Though the extent of prehistoric settlement in the area that is now Hamilton County is unclear, at least five Indian burial mounds have been found on the banks of Cowhouse Creek, about 3½ miles from Pottsville. Waco and Tawakoni Indians lived on the Brazos and Trinity rivers some sixty miles to the east and northeast; they traded with the Tonkawas, a nomadic tribe that moved around Central Texas. Comanches also traveled through the Hamilton County area.
The first permanent white settlers in the area were probably Robert Carter and his family, who arrived in 1854. By 1855 a number of others, including James Rice, Henry Standefer, Frederic Bookerman, William Beauchamp, and Asa Langford had settled there. Rice and Standefer opened a store that soon developed into the town of Hamilton; meanwhile, Langford built a sawmill, a blacksmith shop, a store, and a gristmill to form a settlement that came to be known as Langford's Cove (present-day Evant). Population grew rather rapidly, and in 1856 settlers circulated a petition asking that a new county be formed to accommodate their needs. Later that year the Texas legislature approved the request and marked off Hamilton County from land previously assigned to Comanche, Bosque, and Lampasas counties. Two years later a five-man commission selected the town of Hamilton to be the county seat.
By 1860, when the county's first post office was established at the hamlet of Hico, the county included several small but well-established communities; that year the census found 489 residents. Geography helped to determine the pattern of settlement, as pioneers built along the wooded streams that crossed the rolling prairie, leaving the intervening divides to remain open range. According to the 1860 agricultural census only 290 acres of the county's 1,800 acres of farmland was improved; the wheat harvest was about 1,050 bushels that year, and corn production was 1,900 bushels. Though most of the county's early residents engaged in stock raising, the census counted only 36 horses, 47 sheep, 160 milk cows, and 496 other cattle in the county that year.
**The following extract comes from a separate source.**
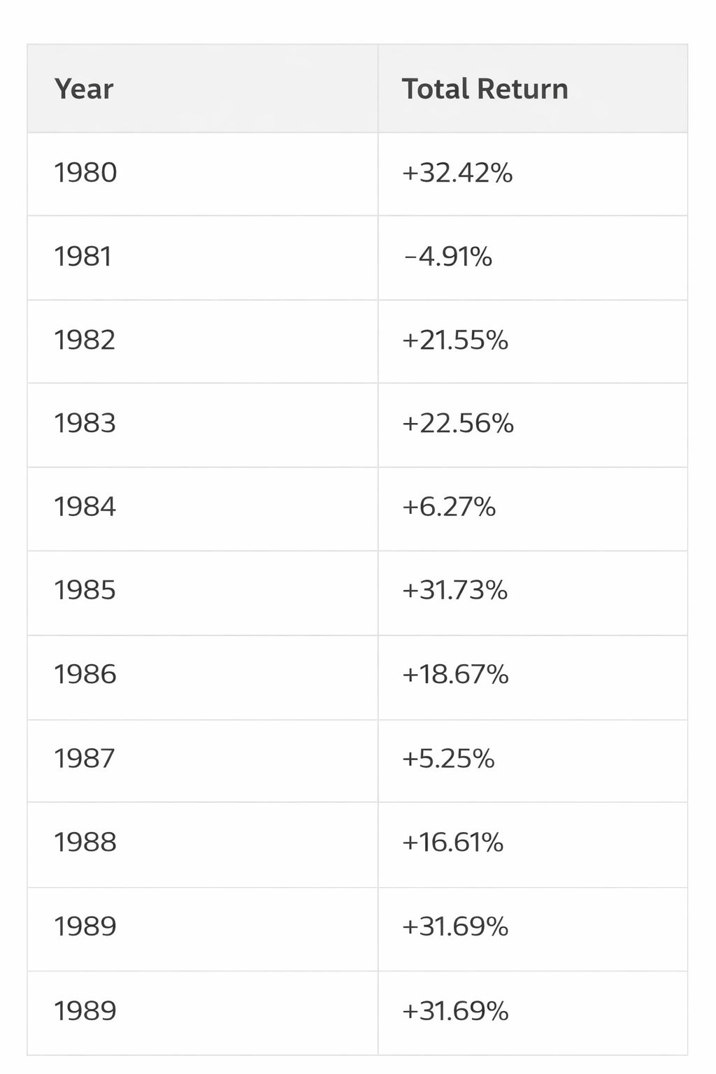 Years of note included gains of 30.5% in 1991, 37.6% in 1995 and 33.4% in 1997.

Further growth was impeded by the Civil War, as county men formed militia units to defend themselves against the Indian raids that made life on the frontier dangerous. Indians attacked a school on the Leon River in 1867, for example, and killed the teacher, Ann Whitney, and a neighboring farmer; several children were wounded or captured. Though Indians continued to raid the area periodically until 1875, the threat had been considerably reduced by 1870, and settlers had begun moving into the county in greater numbers.
By 1870, seventy-five ranches and farms encompassing almost 12,500 acres (including about 2,600 improved acres) had been established in Hamilton County, and the population had increased to 733. Though local farmers harvested more than 27,000 bushels of wheat and about 3,300 bushels of corn that year, the area remained primarily devoted to ranching; more than 10,000 cattle were reported in the county in 1870. The development of the county's economy and social institutions accelerated between 1870 and 1880, as thousands of new settlers moved into the area. Ranchers drove their cattle to market on a branch of the Chisholm Trail that ran between Hico and Carlton. In 1876 a newspaper, the Hamilton Herald, began to publish; a year later the county's wooden jail was replaced by a new stone structure. Though a southern section of the original county was detached to become part of Mills County in 1877, in 1880 the census counted 6,365 residents in Hamilton County. By that year 949 farms and ranches, encompassing more than 139,000 acres, had been established in the county, and commercial farming was beginning to become an important part of the local economy. Almost 7,000 acres in the county was planted in cotton that year, while another 13,000 acres was planted with corn and almost 4,000 acres with wheat. Ranching had also grown; more than 14,200 cattle and almost 11,100 sheep were counted that year. Further growth was encouraged in 1880, when the Texas Central Railroad extended its tracks across the northeastern corner of the county, connecting Hamilton County more closely to national markets. Hico was moved two miles to the railroad, where it became the county's market center.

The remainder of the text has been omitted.